_Directions_
Pictures are to be dropped, and only the lines from the one containing "135 cm leveä tv-taso kolmella kaapilla" through the end of the data below are to be reproduced as written.

*** Block opens ***

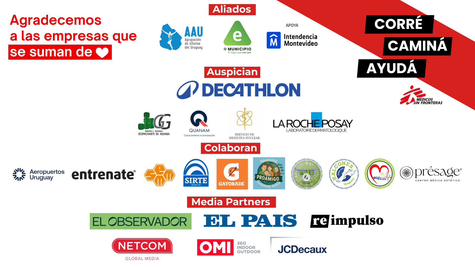 El evento contó con el apoyo de la Agrupación de Atletas del Uruguay, el Municipio E y la Secretaría de Deporte de la Intendencia de Montevideo, además del respaldo de empresas, medios y organizaciones comprometidas con la causa.
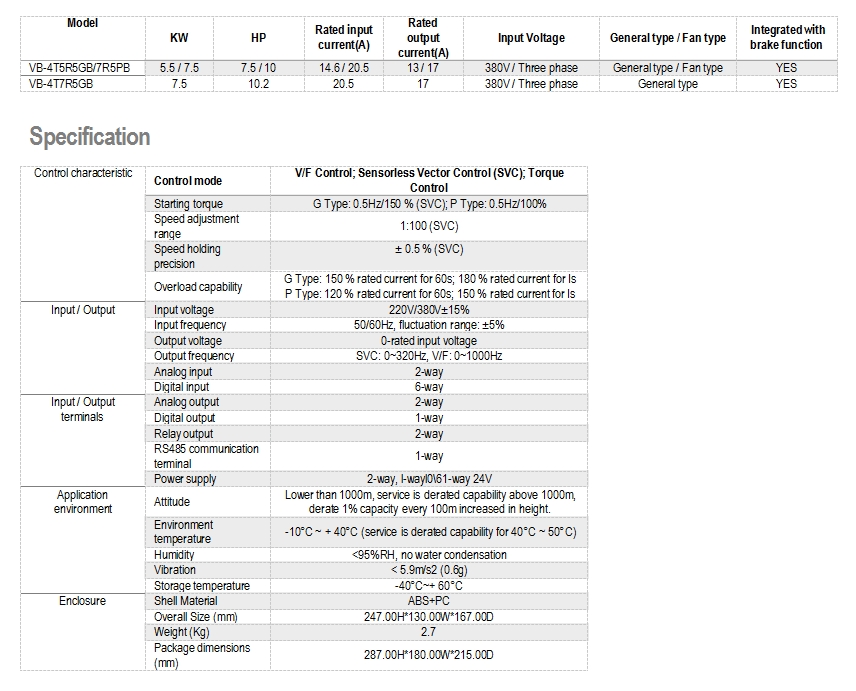 1. Output frequency range:SVC: 0-320Hz;V/F:0-1000Hz,increase 60% on the basis of 8000B series.
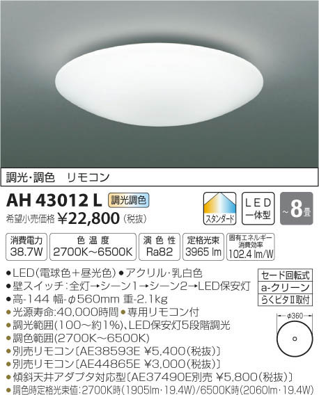 | 補足・注意事項 | ◆消費電力:38.7W ◆色温度:2700K ◆演色性:Ra82 ◆光源寿命:40,000時間 ◆専用リモコン付 ◆調光範囲(100~約1%)、LED保安灯5段階調光 ◆調色範囲(2700K~6500K) ◆別売リモコン〔AE38593E \5,400(税抜)〕 ◆別売リモコン〔AE44865E \3,000(税抜)〕 ◆傾斜天井アダプタ対応型〔AE37490E別売 \5,800(税抜)〕 ◆調色時定格光束値:2700K時(1905lm・19.4W)/6500K時(2060lm・19.4W) ※色温度:2700K~6500K |
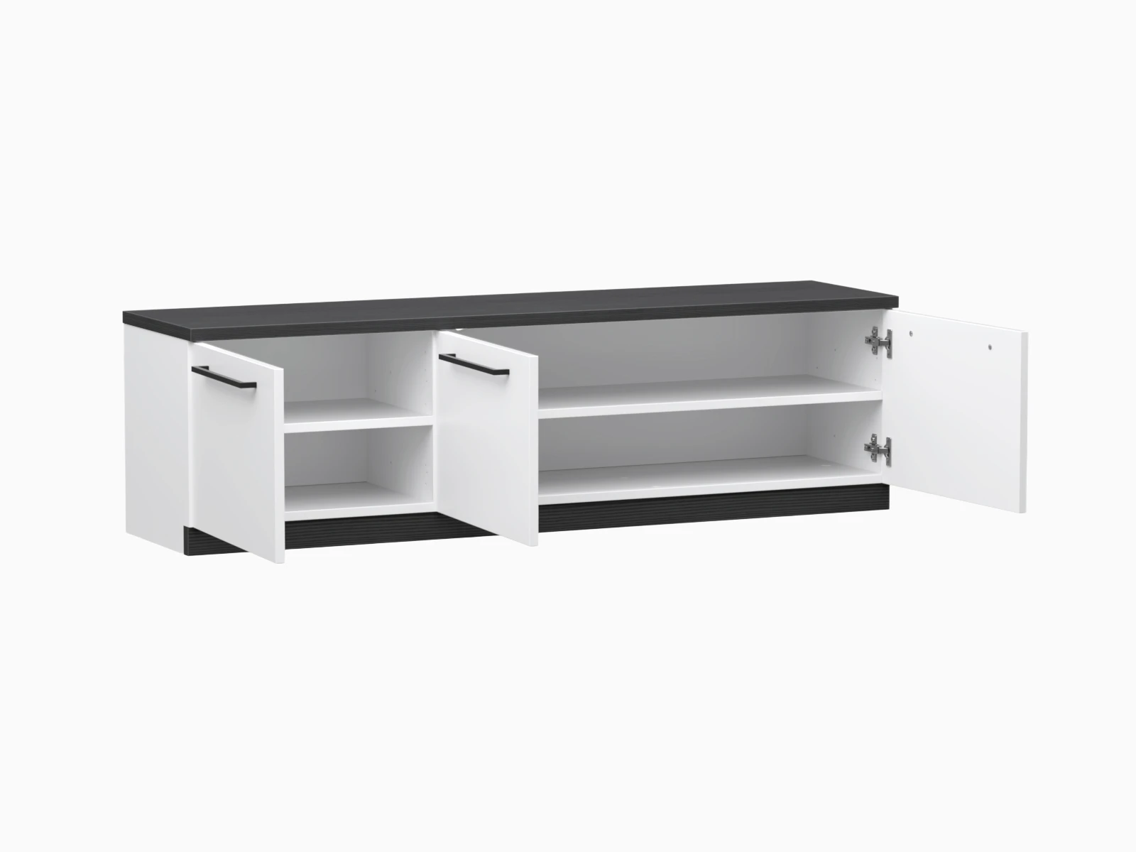 135 cm leveä tv-taso kolmella kaapilla
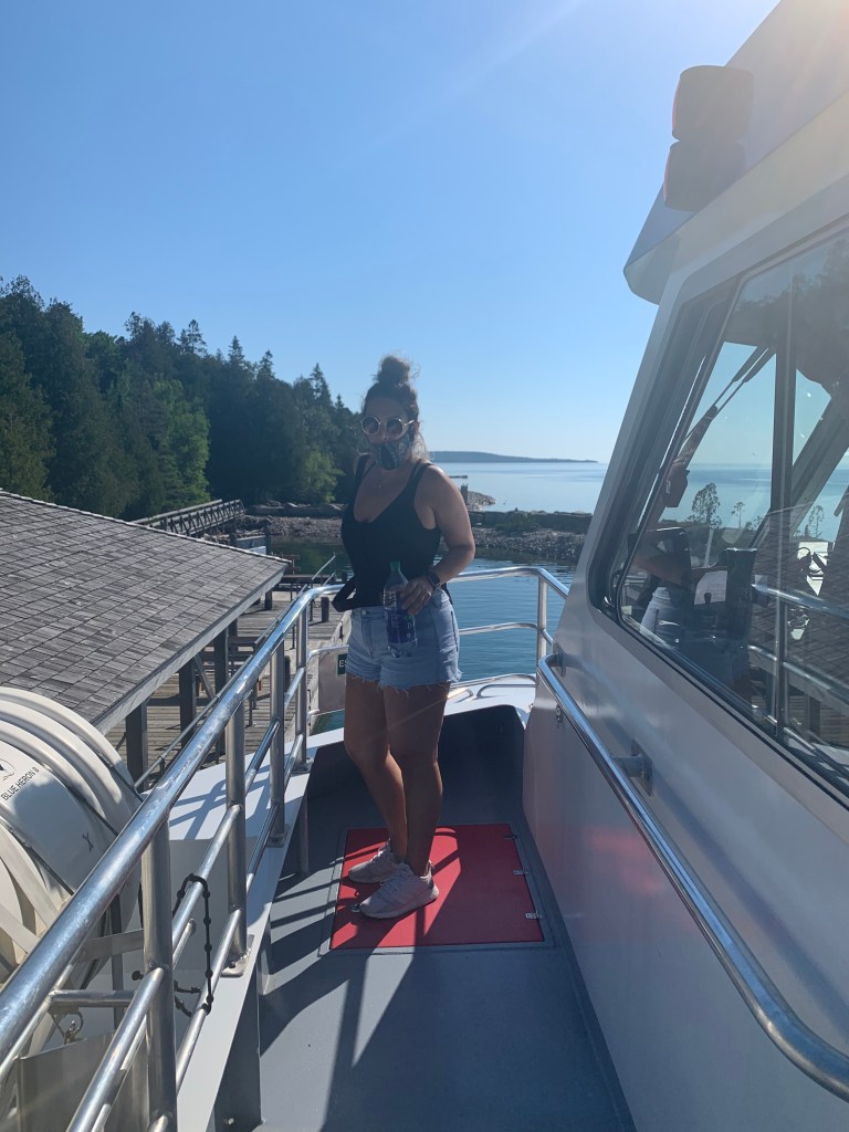 I have never seen anywhere in Ontario more beautiful: it took my breath away, literally! Our time was short on island as there were new time restrictions due to COVID. We scheduled our departure for 9 am and had to depart back to Tobermory by 12:50 pm. The journey was about 15 mins and sunbathed on the upper deck with the cool island breeze cascading over us.

*** Block closes ***

_Answer for the task_
 135 cm leveä tv-taso kolmella kaapilla
 I have never seen anywhere in Ontario more beautiful: it took my breath away, literally! Our time was short on island as there were new time restrictions due to COVID. We scheduled our departure for 9 am and had to depart back to Tobermory by 12:50 pm. The journey was about 15 mins and sunbathed on the upper deck with the cool island breeze cascading over us.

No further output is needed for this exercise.